* [Records for the task]:
=== Begin Enclosure ===

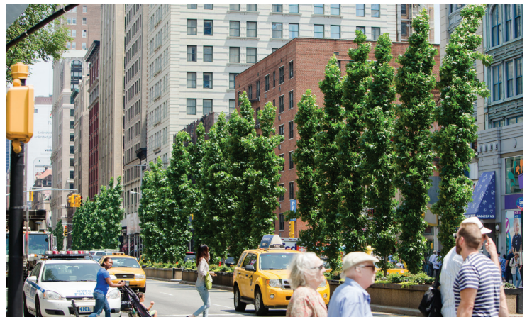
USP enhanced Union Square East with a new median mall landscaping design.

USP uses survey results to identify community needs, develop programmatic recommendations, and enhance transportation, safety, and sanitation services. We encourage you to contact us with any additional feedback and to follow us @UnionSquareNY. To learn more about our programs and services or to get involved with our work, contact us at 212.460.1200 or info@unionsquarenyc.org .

=== End Enclosure ===
=== Begin Enclosure ===

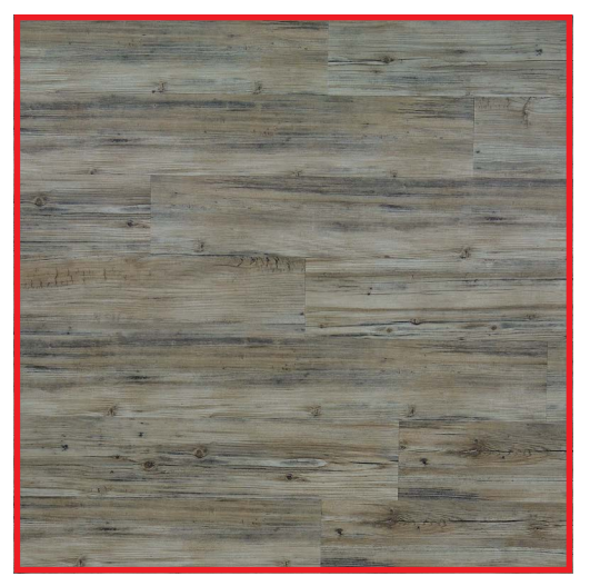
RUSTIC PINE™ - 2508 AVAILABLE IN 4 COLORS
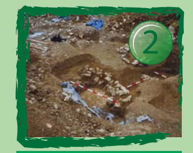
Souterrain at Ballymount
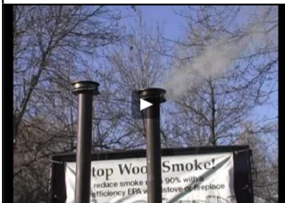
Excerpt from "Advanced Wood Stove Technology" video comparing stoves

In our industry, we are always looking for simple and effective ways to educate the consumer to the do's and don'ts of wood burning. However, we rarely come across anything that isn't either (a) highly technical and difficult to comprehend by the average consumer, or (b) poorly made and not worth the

=== End Enclosure ===

* [About this exercise]: Would you restate, exactly and with no pictures, the lines of the entries above from the one containing "RUSTIC PINE™ - 2508 AVAILABLE IN 4 COLORS" through the one containing "In our industry, we"?

* [Task solution]:
RUSTIC PINE™ - 2508 AVAILABLE IN 4 COLORS
Souterrain at Ballymount
Excerpt from "Advanced Wood Stove Technology" video comparing stoves

In our industry, we are always looking for simple and effective ways to educate the consumer to the do's and don'ts of wood burning. However, we rarely come across anything that isn't either (a) highly technical and difficult to comprehend by the average consumer, or (b) poorly made and not worth the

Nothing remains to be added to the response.